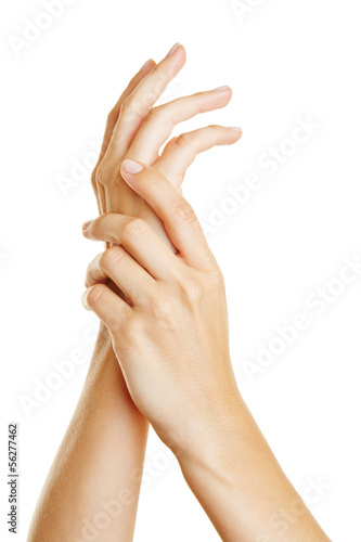 Hände cremen sich ein mit Feuchtigkeitscreme
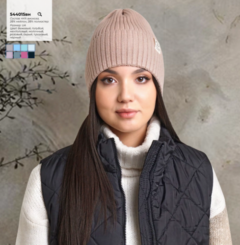 Женская шапка с отворотом, декорирована нашивкой логотип в височной зоне. Идеально подойдёт для весенне- осеннего периода.
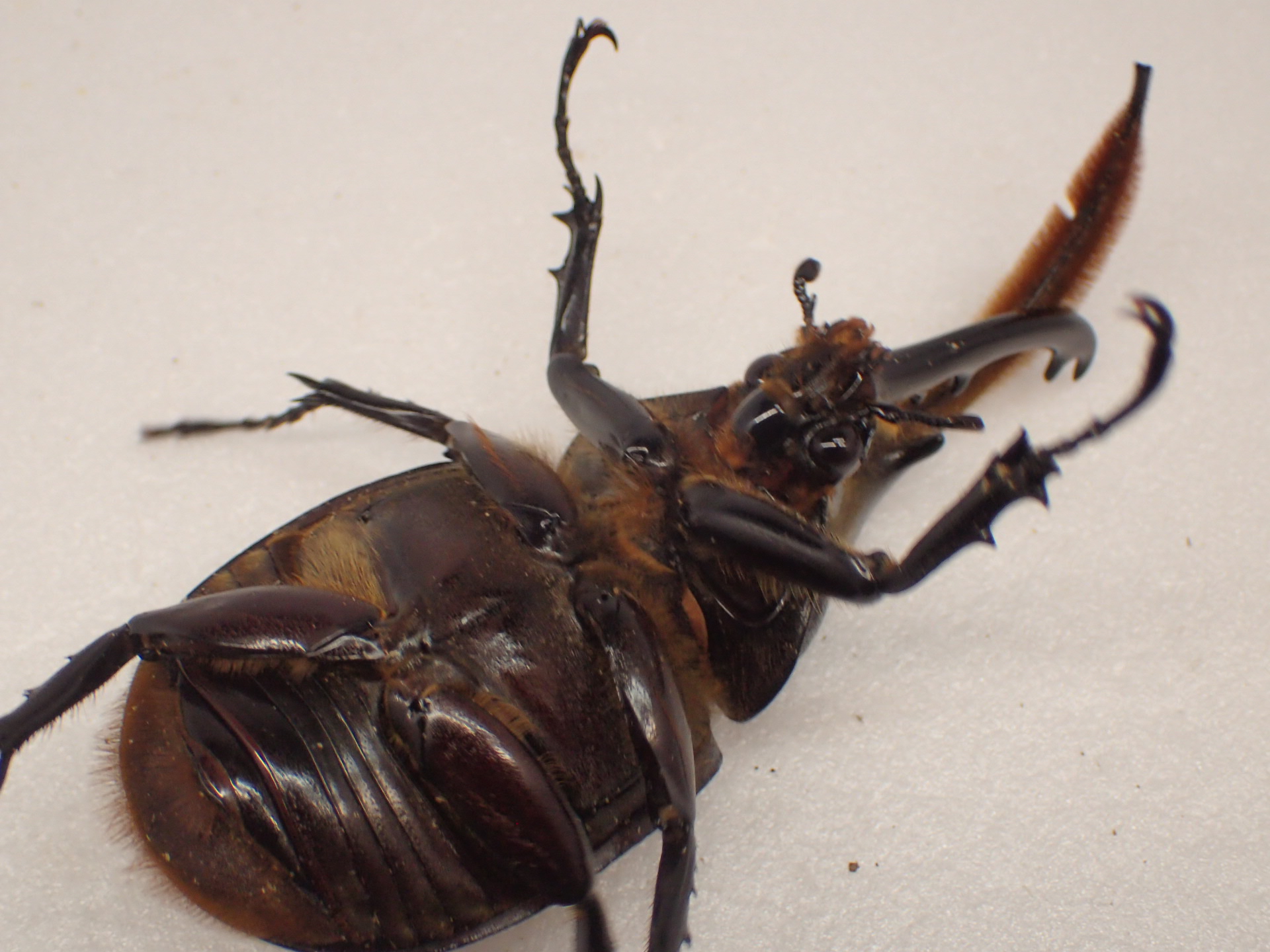 親個体の兄弟個体では、頭角先端の湾曲は弱く、頭角突起もはっきりと出現しており、胸角突起は中央より基部よりに出現しているので、リッキーよりもモリシマイ寄りの特徴が出ています。
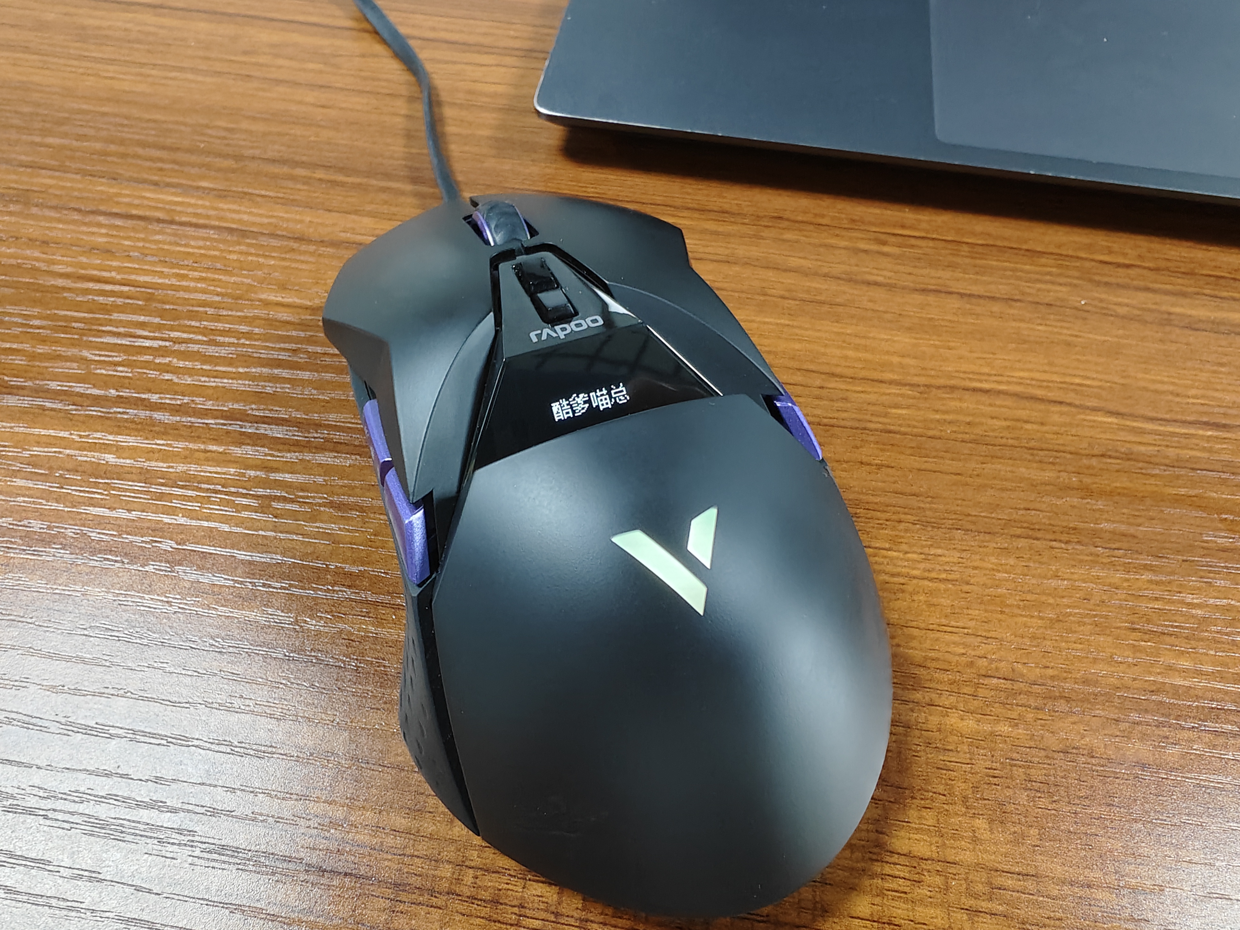 电竞怎么能少得了RGB呢?VT950 Pro把自己的Logo和1600万色的RGB灯合二为一,做了轻度的点缀设计,但是只要我握住鼠标就看不到灯了,不如把灯设计在前部位置会更实用。

*Work task*:
Exactly restate the lines from the beginning of the data through the line with "親個体の兄弟個体では、頭角先", and no others, keeping pictures out.

*Solution*:
 Hände cremen sich ein mit Feuchtigkeitscreme
 Женская шапка с отворотом, декорирована нашивкой логотип в височной зоне. Идеально подойдёт для весенне- осеннего периода.
 親個体の兄弟個体では、頭角先端の湾曲は弱く、頭角突起もはっきりと出現しており、胸角突起は中央より基部よりに出現しているので、リッキーよりもモリシマイ寄りの特徴が出ています。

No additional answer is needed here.